Early Review of draft-pignataro-eimpact-icmp-02
review-pignataro-eimpact-icmp-02-secdir-early-emery-2024-04-26-00
| Request | Review of | draft-pignataro-eimpact-icmp |
|---|---|---|
| Requested revision | No specific revision (document currently at 03) | |
| Type | Early Review | |
| Team | Security Area Directorate (secdir) | |
| Deadline | 2024-04-30 | |
| Requested | 2024-04-10 | |
| Requested by | Carlos Pignataro | |
| Authors | Carlos Pignataro , Jainam Parikh , Ron Bonica , Michael Welzl | |
| I-D last updated | 2024-05-30 (Latest revision 2024-05-30) | |
| Completed reviews |
Secdir Early review of -02
by Shawn M Emery
(diff)
Opsdir Early review of -02 by Qin Wu (diff) Secdir Early review of -03 by Shawn M Emery |
|
| Comments |
This is an early review request, for this document leveraging the existing ICMP Extension mechanism for environmental sustainability data. Your review is much appreciated and most welcome! Carlos. |
|
| Assignment | Reviewer | Shawn M Emery |
| State | Completed | |
| Request | Early review on draft-pignataro-eimpact-icmp by Security Area Directorate Assigned | |
| Posted at | https://mailarchive.ietf.org/arch/msg/secdir/rmM9ErWtY25GCNn7_YPc99FbjuY | |
| Reviewed revision | 02 (document currently at 03) | |
| Result | Has issues | |
| Completed | 2024-04-26 |
review-pignataro-eimpact-icmp-02-secdir-early-emery-2024-04-26-00
This draft specifies an extension to ICMP that provides sustainability metrics and data on a per-hop basis to the targeted node.

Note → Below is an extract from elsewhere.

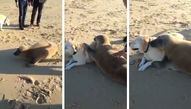 Het strand van Cap Ferret in Frankrijk, een familie naderen van een zegel dat is uit het water. Wanneer het zegel ziet de familie hond, een Labrador, de naderen en leunend aan een zeer mooie scène.

This data includes information on node power draw, the node components' power draw(s), node network throughput, and environmental certifications. The security considerations section does exist and defers to RFC 4884 and 8335 in regards to the security of ICMP extensions. The section also recommends limiting the extension to the internally-facing administrative domain in consideration of privacy by filtering out these sustainability metrics and data. I agree with these assertions. However, one attack vector that I could think of is a high-fidelity reporting of power draw for the targeted node's memory, cache, or HSM component then an attacker could perform a remote side-channel attack (i.e., using DPA) during cryptographic operations in order to extract the associated secret key. General comments: Thank you for the use-case section. Editorial comments: None.